#### [Required action]
Give again, word for word, only the lines of the material below from its first line through the one that holds "培训会上,黄超高级工程师首先"; pictures stay out.

[Data extract]

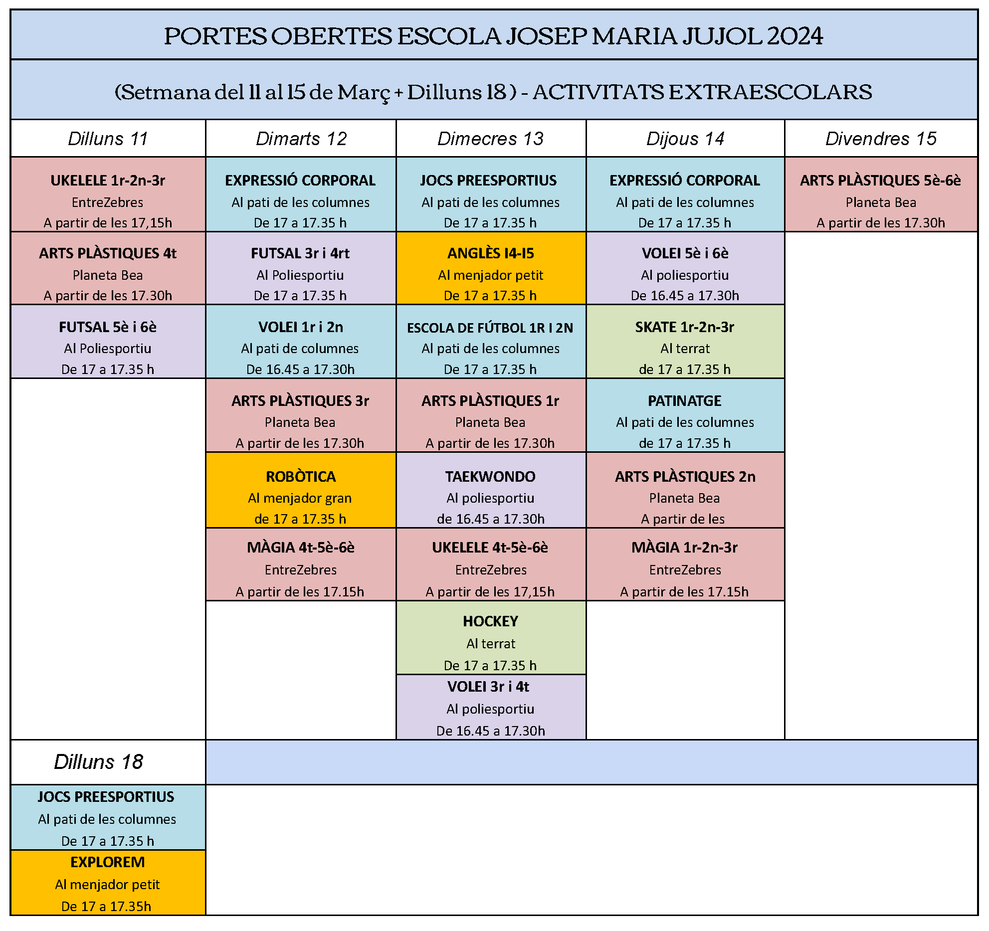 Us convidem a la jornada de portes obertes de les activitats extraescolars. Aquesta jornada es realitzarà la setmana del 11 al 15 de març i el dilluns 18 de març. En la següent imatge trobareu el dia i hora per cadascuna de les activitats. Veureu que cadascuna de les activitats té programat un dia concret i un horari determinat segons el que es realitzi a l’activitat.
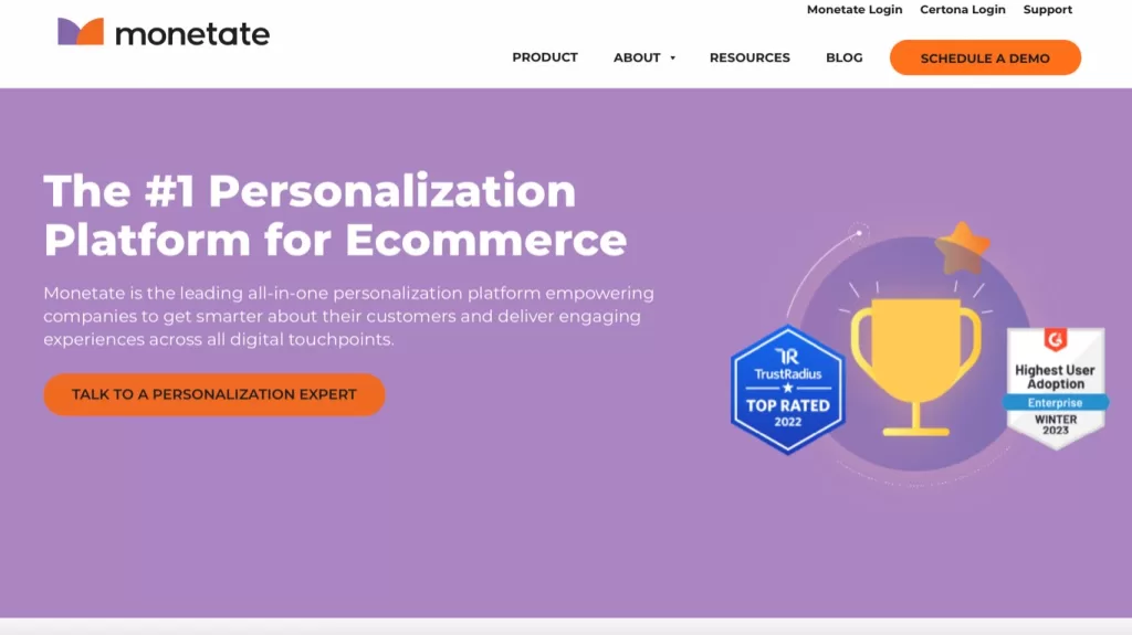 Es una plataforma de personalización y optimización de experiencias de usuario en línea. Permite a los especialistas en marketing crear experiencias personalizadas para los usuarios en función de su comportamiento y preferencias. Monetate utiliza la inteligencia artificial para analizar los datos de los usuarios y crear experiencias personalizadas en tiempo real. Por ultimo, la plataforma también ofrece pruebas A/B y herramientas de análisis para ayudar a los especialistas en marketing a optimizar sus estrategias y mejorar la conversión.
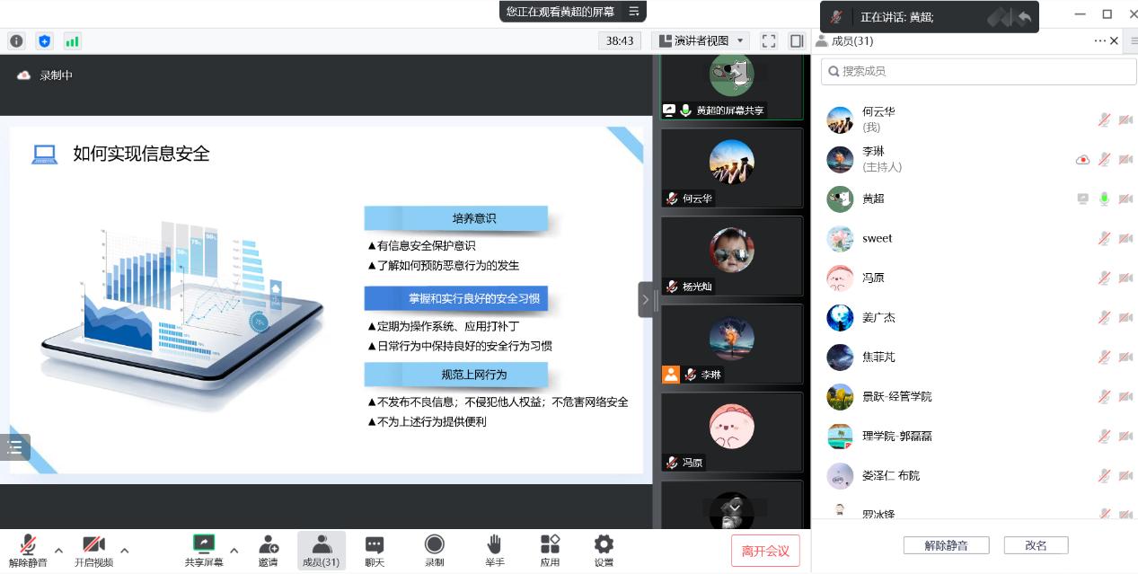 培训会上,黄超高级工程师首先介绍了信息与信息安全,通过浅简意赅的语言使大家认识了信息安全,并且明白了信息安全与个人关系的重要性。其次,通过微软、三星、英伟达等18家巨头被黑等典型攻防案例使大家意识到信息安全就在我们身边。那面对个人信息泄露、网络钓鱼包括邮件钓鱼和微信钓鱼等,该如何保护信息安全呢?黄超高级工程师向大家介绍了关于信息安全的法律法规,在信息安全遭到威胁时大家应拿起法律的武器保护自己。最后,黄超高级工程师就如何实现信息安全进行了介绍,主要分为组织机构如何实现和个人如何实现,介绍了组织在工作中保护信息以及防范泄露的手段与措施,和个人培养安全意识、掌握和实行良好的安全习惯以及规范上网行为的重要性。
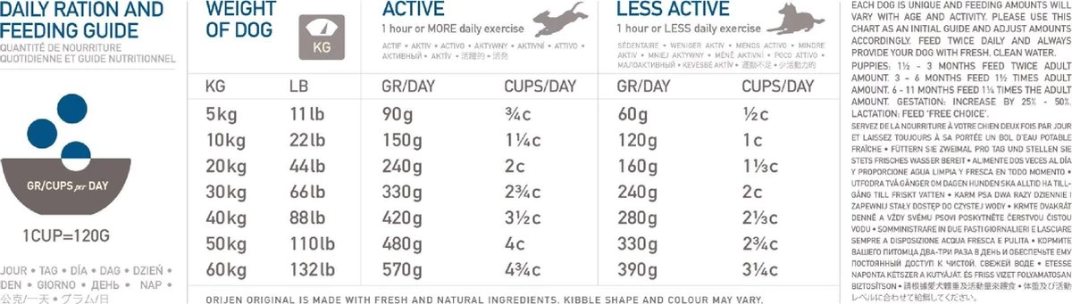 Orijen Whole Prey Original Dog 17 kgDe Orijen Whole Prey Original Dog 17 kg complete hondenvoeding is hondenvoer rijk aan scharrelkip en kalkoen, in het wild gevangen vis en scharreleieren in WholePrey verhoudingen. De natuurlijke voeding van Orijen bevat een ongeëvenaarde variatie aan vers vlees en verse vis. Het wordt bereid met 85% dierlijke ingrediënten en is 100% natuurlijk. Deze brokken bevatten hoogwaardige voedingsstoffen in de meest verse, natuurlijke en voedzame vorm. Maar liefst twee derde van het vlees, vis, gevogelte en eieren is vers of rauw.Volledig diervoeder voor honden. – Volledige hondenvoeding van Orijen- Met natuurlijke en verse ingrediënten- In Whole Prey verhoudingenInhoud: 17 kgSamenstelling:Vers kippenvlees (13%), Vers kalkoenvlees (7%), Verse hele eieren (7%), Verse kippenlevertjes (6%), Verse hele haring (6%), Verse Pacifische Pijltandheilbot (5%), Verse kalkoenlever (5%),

[/Data extract]

#### [Solution for this problem]
 Us convidem a la jornada de portes obertes de les activitats extraescolars. Aquesta jornada es realitzarà la setmana del 11 al 15 de març i el dilluns 18 de març. En la següent imatge trobareu el dia i hora per cadascuna de les activitats. Veureu que cadascuna de les activitats té programat un dia concret i un horari determinat segons el que es realitzi a l’activitat.
 Es una plataforma de personalización y optimización de experiencias de usuario en línea. Permite a los especialistas en marketing crear experiencias personalizadas para los usuarios en función de su comportamiento y preferencias. Monetate utiliza la inteligencia artificial para analizar los datos de los usuarios y crear experiencias personalizadas en tiempo real. Por ultimo, la plataforma también ofrece pruebas A/B y herramientas de análisis para ayudar a los especialistas en marketing a optimizar sus estrategias y mejorar la conversión.
 培训会上,黄超高级工程师首先介绍了信息与信息安全,通过浅简意赅的语言使大家认识了信息安全,并且明白了信息安全与个人关系的重要性。其次,通过微软、三星、英伟达等18家巨头被黑等典型攻防案例使大家意识到信息安全就在我们身边。那面对个人信息泄露、网络钓鱼包括邮件钓鱼和微信钓鱼等,该如何保护信息安全呢?黄超高级工程师向大家介绍了关于信息安全的法律法规,在信息安全遭到威胁时大家应拿起法律的武器保护自己。最后,黄超高级工程师就如何实现信息安全进行了介绍,主要分为组织机构如何实现和个人如何实现,介绍了组织在工作中保护信息以及防范泄露的手段与措施,和个人培养安全意识、掌握和实行良好的安全习惯以及规范上网行为的重要性。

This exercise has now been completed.